+++ Provided data
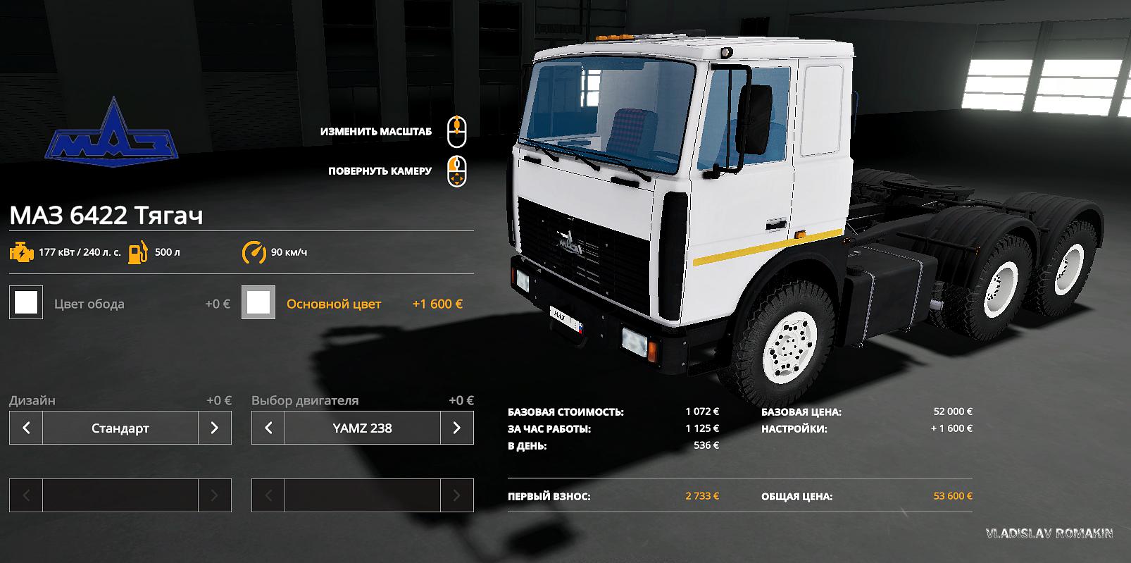 – Power: YaMZ-238 (177 kW/240 HP) and YaMZ 53602-10 (243 kW/330 HP); – Speed: 90 km / h; – Fuel tank capacity: 500 l.; – Price: 52 000 €; – Service cost per day: 520 €; – Choose the color of the cab and wheels; – Different sounds for each engine; – Choice of visor, and various plates; – Working instrument panel; – Working lighting equipment; – Dynamic hoses; – Gets dirty and washes; – Leave no trace.
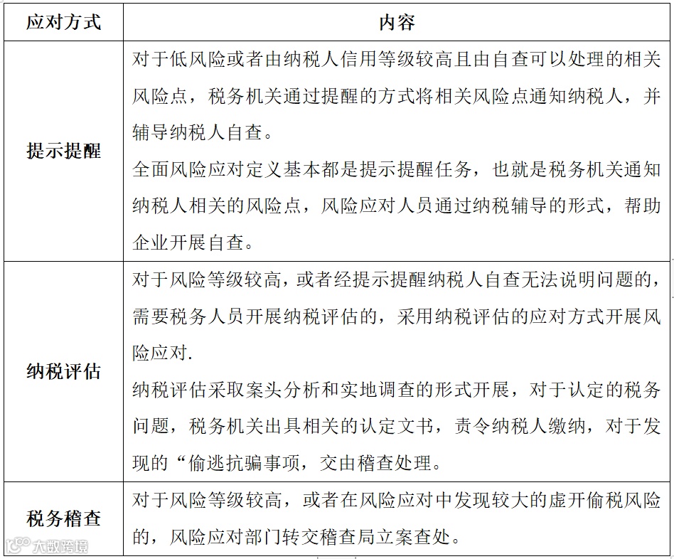 在企业的日常经营中,针对不同程度的税务风险,我们通常会有不同的应对方式。安安帮大家大致整理了一下:
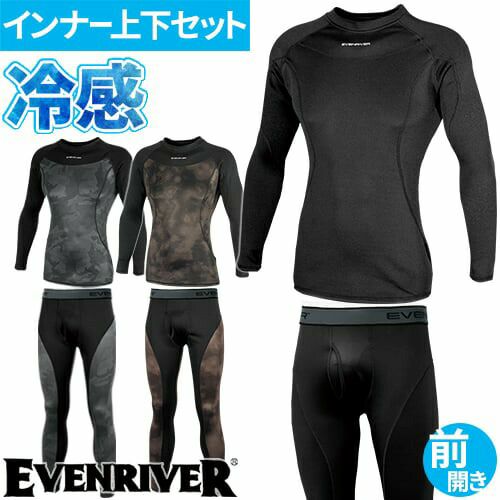 冷感インナー 上下セット メンズ 作業服 イーブンリバー アイスコンプレッションネオ 接触冷感 インナー 夏用インナー 長袖 加圧 冷感 アンダーシャツ ロングパンツ 前開き 肌着 下着 防臭 抗菌 吸汗 速乾 ストレッチ 作業着 GTX06 GTX03
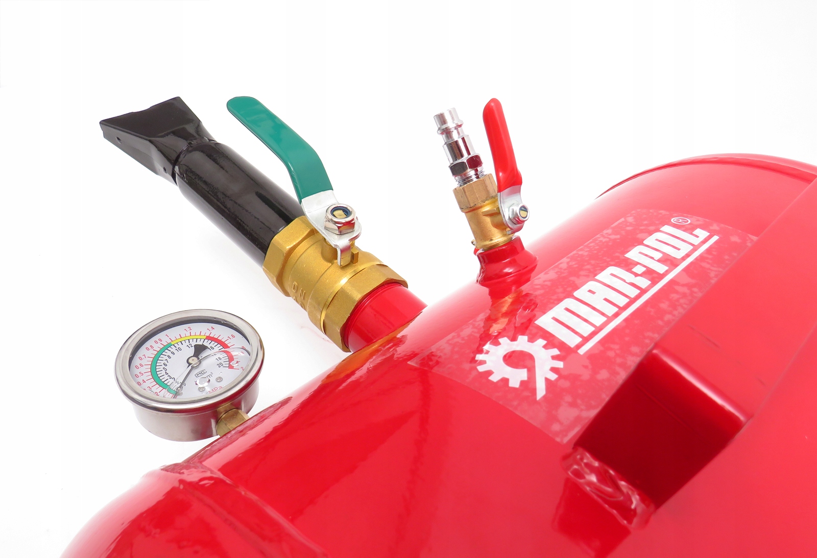 - Гліцериновий манометр з можливістю зчитування, градуйований у двох одиницях: Мпа (0-2) / кг/см2 (0-20).
++++++
Leave out every picture and copy verbatim the lines running from the line containing "冷感インナー 上下セット メンズ" through the final line of the data.

Solution to the problem:
 冷感インナー 上下セット メンズ 作業服 イーブンリバー アイスコンプレッションネオ 接触冷感 インナー 夏用インナー 長袖 加圧 冷感 アンダーシャツ ロングパンツ 前開き 肌着 下着 防臭 抗菌 吸汗 速乾 ストレッチ 作業着 GTX06 GTX03
 - Гліцериновий манометр з можливістю зчитування, градуйований у двох одиницях: Мпа (0-2) / кг/см2 (0-20).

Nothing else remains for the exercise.